Targeted Co-Delivery of Gefitinib and Rapamycin by Aptamer-Modified Nanoparticles Overcomes EGFR-TKI Resistance in NSCLC via Promoting Autophagy

Round 1

Reviewer 1 Report

 

The manuscript of Yuhong Liu and colleagues presents results on combination of EGFR-TKI and autophagy inducer rapamycin in attempt to overcome resistance of NSCLC cells to TKI treatment. The results are of certain novelty and scientific interest. In my opinion, they can be published after minor revision.

-          The main issue is that the mechanism of the positive feedback between autophagy and EGFR remains unclear, especially in the part about hyperactivation of EGFR-AKT signaling in combination treated cells and its relation with cell death. I recommend authors to revise the explanation of their hypothesis and make its mire reader-friendly.

-          The discrepancy in results of synergism assessment by different methods should be commented: in 2D culture the synergistic effect was rejected in Fig. 1A but supported in Fig. S2AB.

-          The authors state an increase in p62 and LC3b-II (Lines154-156) in rapamycin and combination treated cells compared with gefitinib; however, this is not true for combination treated 2D culture. Please, be accurate in the conclusion.

-          Similar situation is with NP-Apt stability (Lines 209-210). The gefitinib loading in NP-Aps decrases by more than two times in 48 hours. The fact shouldn’t be just ignored.

-          Please, correct the legend for Fig. 2 (2B), it is not corresponds to the data presented. Also, the pronounced discrepancy in the relative amount of LC3b-II in the untreated control 3D culture in Fig. 2A (0.72) and 2B (0.3) should be explained.

-          The authors state decreased EGFR expression under gefitinib treatment (immunofluorescence in Fig.2C). But, the images present decreased EGFR under rapamycin. The same situation is with LC3b. Is the labeling correct?

-          Wavelengths chosen for measurement of concentrations of gefitinib and rapamycin must be explained.

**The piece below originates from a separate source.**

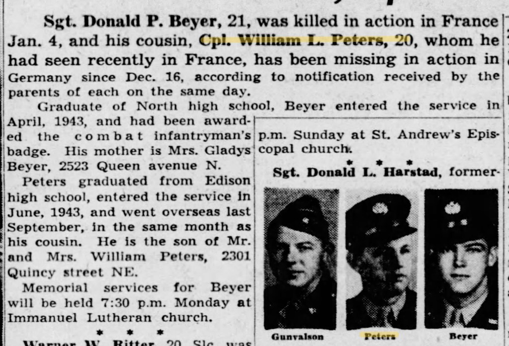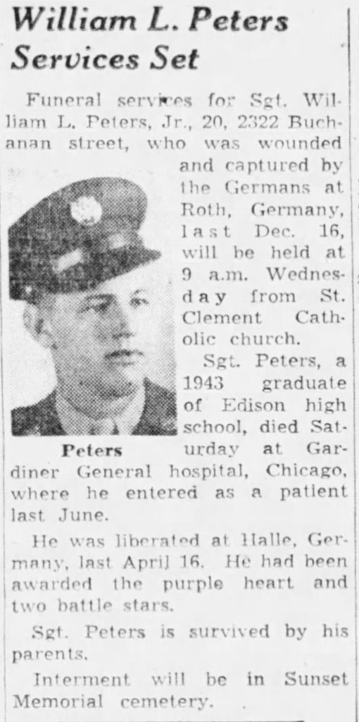 William was wounded and captured by the Germans in the first hours of the Battle of the Bulge.

-          The information about names of most of the equipment as well as Abs used in the study is omitted in the present version of the article.

Author Response

Please see the attachment. 

Author Response File: Author Response.pdf

Reviewer 2 Report

The authors have written a very interesting paper on the synergistic effects of rapamycin with gefitinib. While the results are interesting there is some work to be done on the presentation. Attached is a document of comments to be looked at. Many are minor corrections. The most major comment and work that needs to be done arises from the fact that, while the English is fairly well written in the sense of grammar etc,   often the explanation of the results and their significance are highly lacking making it difficult for the reader to understand without heavily analysing the figures by themselves. This must be improved to make the results and conclusions more accessable to the readers. 

 

·         94-102 seem more like intro where you explain the work not results.

·         Why did the authors choose 48 hours. Is this standard in the literature?

·         Line 107 what was the 2d IC50?   

·         Figure 1. why did the authors choose hold constant gefitinib at 5 while changing rapamycin? The CIindex in Fig 1 A was highest at 5 and  Please explain this choice more clearly the quote below 

·         Figure 1 c…. also here. Why were 5 and 10 chosen. This reviewer does not see a full logic in the selection of the concentrations. Please explain  as to why the values optimized in supplemental were not used for this 2d method. 

“For 2D/3D cultures, the IC50 value for the combination therapy is supposed to be 118

gefitinib (5 μM) + rapamycin (1 μM) and gefitinib (10 μM) + rapamycin (20 μM), respec- 119

tively (Figure S2A, C).”

·         Fig 1e indicate what the arrows are showing.                                   

·         These sentences seem to be incomplete:

H&E staining displayed the 125

condition inside and cell distribution tumors (Figure 1E), and no significant tumor metas- 126

tasis was observed. Besides, necrotic characteristics including interstitial space enlarge- 127

ment exhibited inside the tumor under combinational treatment.

 

Line 147 “detected” seems to be the wrong word here.

 

·         This also goes in the introduction and not the results.

tophagosomes, severing as autophagosomal surface protein and an autophagic substrate 150

protein, respectively. Their interaction mediates the inclusion formation during the au- 151

tophagy process, which eventually leads to a cell's demise [24]. LC3b presents two bands 152

(LC3b-I and LC3b-II) in western blot analysis, and the content of LC3b-II is closely corre- 153

lated with the number of autophagosomes [25].

·         Fig 2 needs a bar graph of the quantification of these bands (with programs like image J) to show a percent or fold decrease to better understand the results.

Authors report the %EE of the two drugs. But how does this equate to the amount of each? Does it come out to a ratio similar to those used in previous experiments????

Comments for author File: Comments.docx

Author Response

Please see the attachment

Author Response File: Author Response.pdf

Round 2

Reviewer 2 Report

the authors have adressed most of the major points to clarify the paper.